A. Kovács, C.D. Dowell, C. Borys, M. Yang, T.G. Phillips (Caltech)

We report intermediate results from four distinct extra-galactic surveys taken at 350 microns using the SHARC-2 camera at the Caltech Submillimeter Observatory. The galaxies observed range from local group galaxies to distant objects, covering all distance scales up to redshifts in the neighborhood of z ~ 3. From the nearby universe, our sample includes follow-up observations of the SCUBA Local Universe Galaxy Survey (SLUGS) of several dozen objects, and a smaller sample of a handful of interacting galaxies. At intermediate distances (z ~ 0.1-1) we have successfully observed 27 galaxies from Stanford's sample of ULIRG's, 26 of which have been detected at submillimeter wavelengths for the first time. Last but not least, we present several sources from the high redshift universe in complement to existing optical and 850um submillimeter data. The importance of 350 micron observations owes to the ability to better constrain spectral energy distributions (SED's) from dust emission, and determine far infrared luminosities of the emitting objects. The wavelength is especially useful in case of the distant objects, both because of the lack of other SED constraining data points, and because it falls on the near side of the typical dust emission peak.
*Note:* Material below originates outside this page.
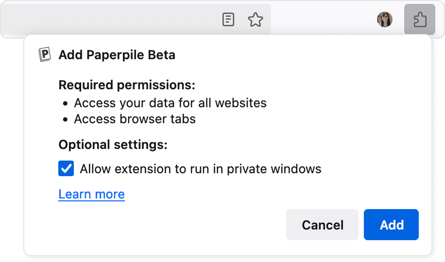 These permissions let the Firefox add-on automatically detect citation information and save references seamlessly. Paperpile adheres to our published privacy policy, and uses only the minimum permissions required to provide a high-quality service.

Accordingly, based on our observation data we present spectral energy distribution templates for the different redshift regimes under study, and report derived dust temperatures and far infrared luminosities for all objects. Furthermore, we conclude that our first high redshift results seem to confirm the validity of using photometric redshift determination in cases when the redshift is not otherwise known or obtainable.

This research has been funded by a National Science Foundation grant.